A simple rule: if you can’t quickly explain the terms to your client, that’s a red flag. 

The Milestone Foundation takes a different approach—offering clear agreements, transparent pricing, and direct collaboration with attorneys to ensure clients are protected. 

  1. Are there alternatives totraditional litigation funding companies? 

Attorneys often search for “low-cost pre-settlement funding companies” in hopes of finding one that isn’t going to take advantage of their plaintiffs. Unfortunately, many traditional funders are the same. There are two alternatives that are not driven by profit and are looking to offer a better experience for plaintiffs.  
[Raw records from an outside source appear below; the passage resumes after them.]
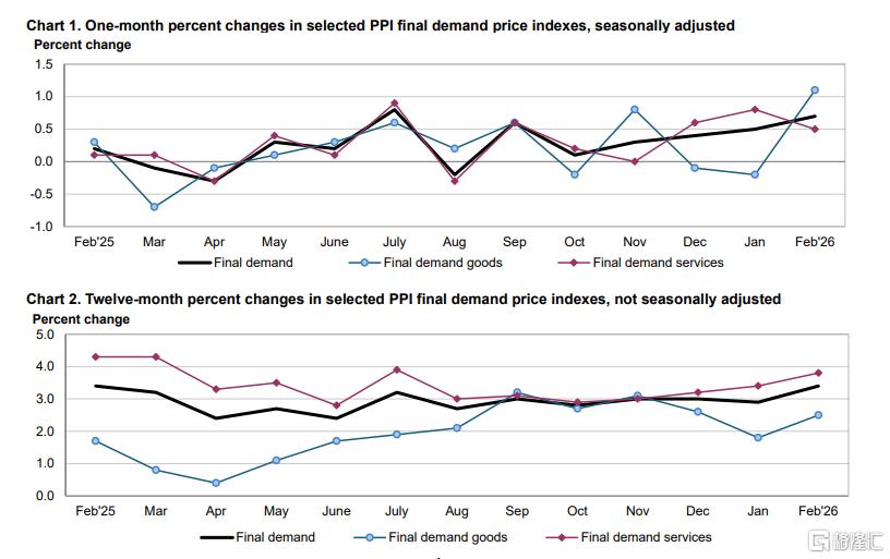 3月18日周三,美国劳工部公布2月PPI数据,美国2月PPI同比增长3.4%,创去年2月以来新高,高于市场预期的2.9%,前值为2.9%;环比增长0.7%,为2025年7月以来最大增幅,高于预期的0.3%,前值为0.5%。
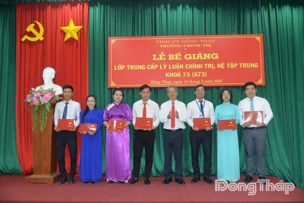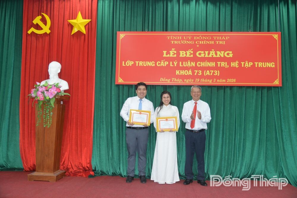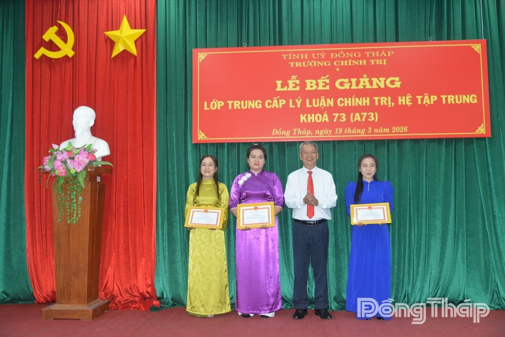 Tại lễ bế giảng, lãnh đạo Trường Chính trị tỉnh trao bằng tốt nghiệp cho các học viên; tặng Giấy khen cho 2 học viên đạt thành tích tốt trong học tập và 3 học viên có thành tích tốt trong rèn luyện và hoạt động phong trào.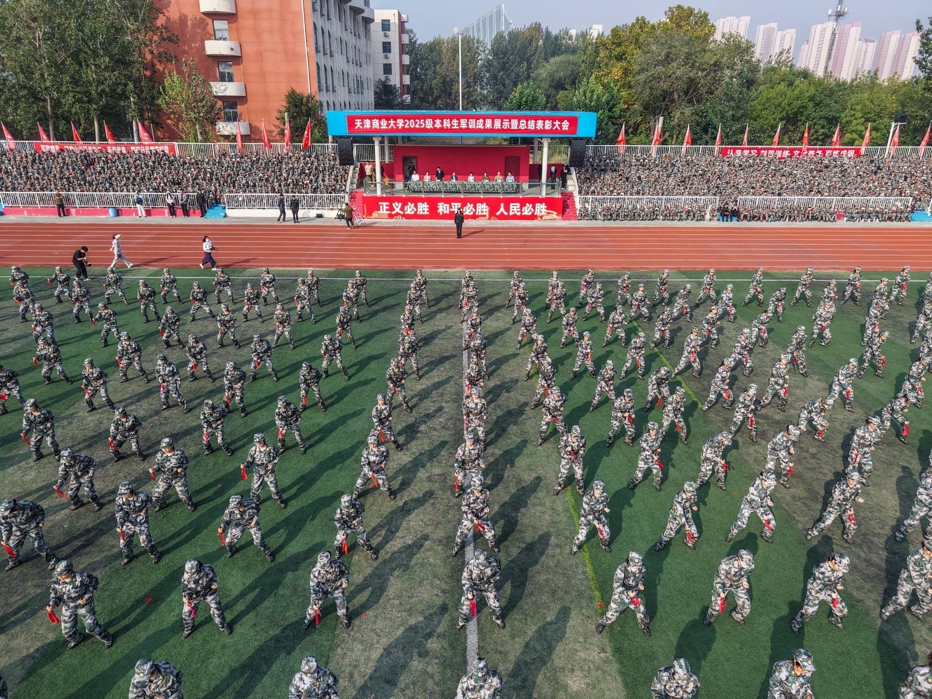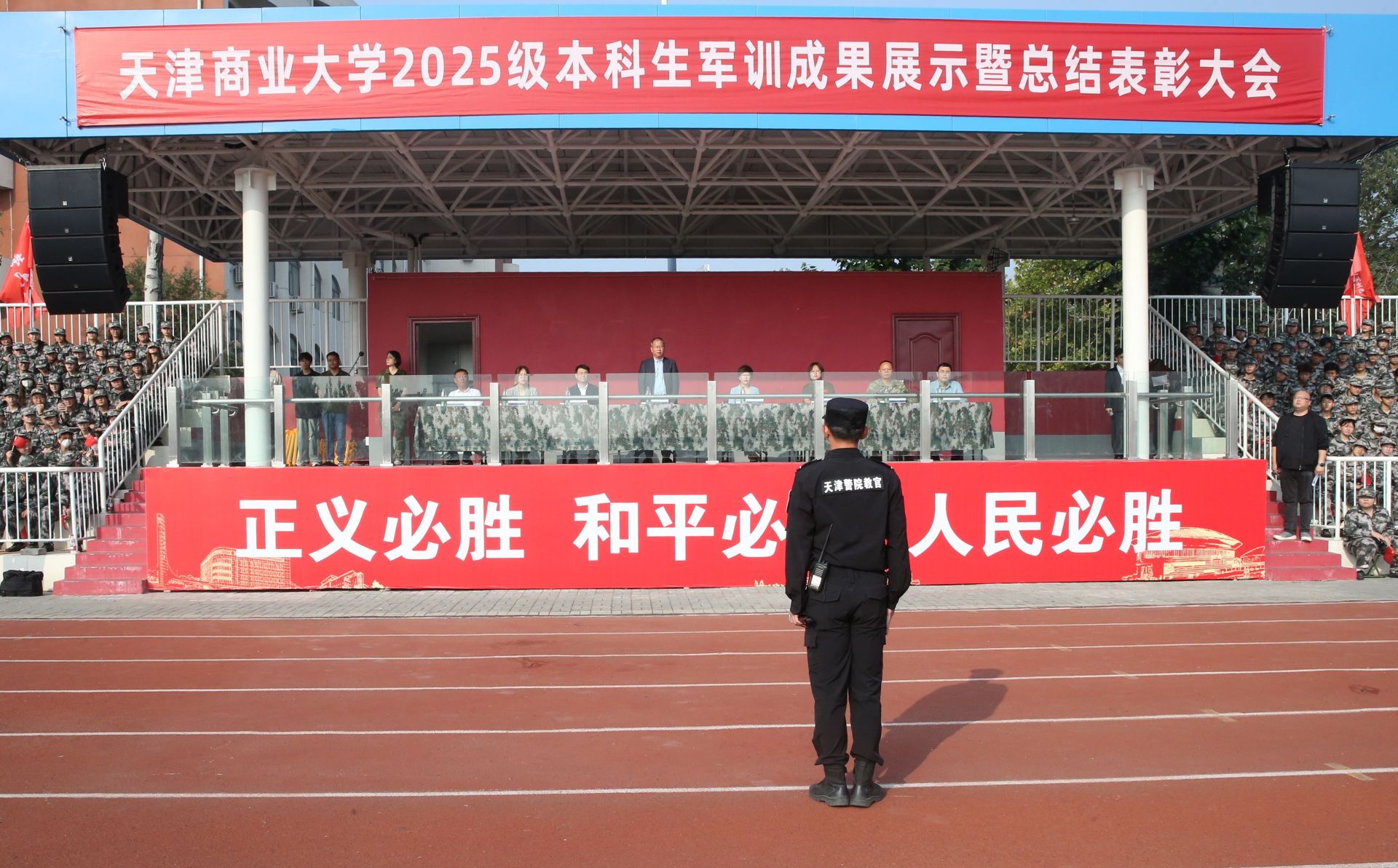 9月28日上午,學(xué)校2025級本科生軍訓(xùn)成果展示暨總結(jié)表彰大會在學(xué)校運(yùn)動場隆重舉行。校黨委副書記、校長陳冠益,校黨委副書記王立云出席。北辰區(qū)人民武裝部、天津警察學(xué)院相關(guān)負(fù)責(zé)同志,以及校黨委宣傳部、人民武裝部、校團(tuán)委、教務(wù)處相關(guān)負(fù)責(zé)同志,各學(xué)院教導(dǎo)員、承訓(xùn)教官、跟訓(xùn)輔導(dǎo)員和2025級參訓(xùn)學(xué)生參加。

  • The Milestone Foundation is the country’s only non-profit plaintiff funding company. It was built to provide a fair, transparent alternative to traditional high-cost funding models. 
  • ClaimAngel is a platform that brings together many traditional funding companies to create a marketplace that offers a lower, standard rate for plaintiffs looking for funding. 

Conclusion 

The rise of plaintiff litigation funding has created both opportunity and risk. For attorneys, the key is not just finding funding but finding a funding partner that puts their client’s best interest first.  

By asking smarter questions about transparency, risk, timing, and ethics, attorneys can better protect their clients and strengthen case outcomes. 

The Milestone Foundation is committed to setting a higher standard; providing pre-settlement and post-settlement funding that supports plaintiffs without compromising their financial future.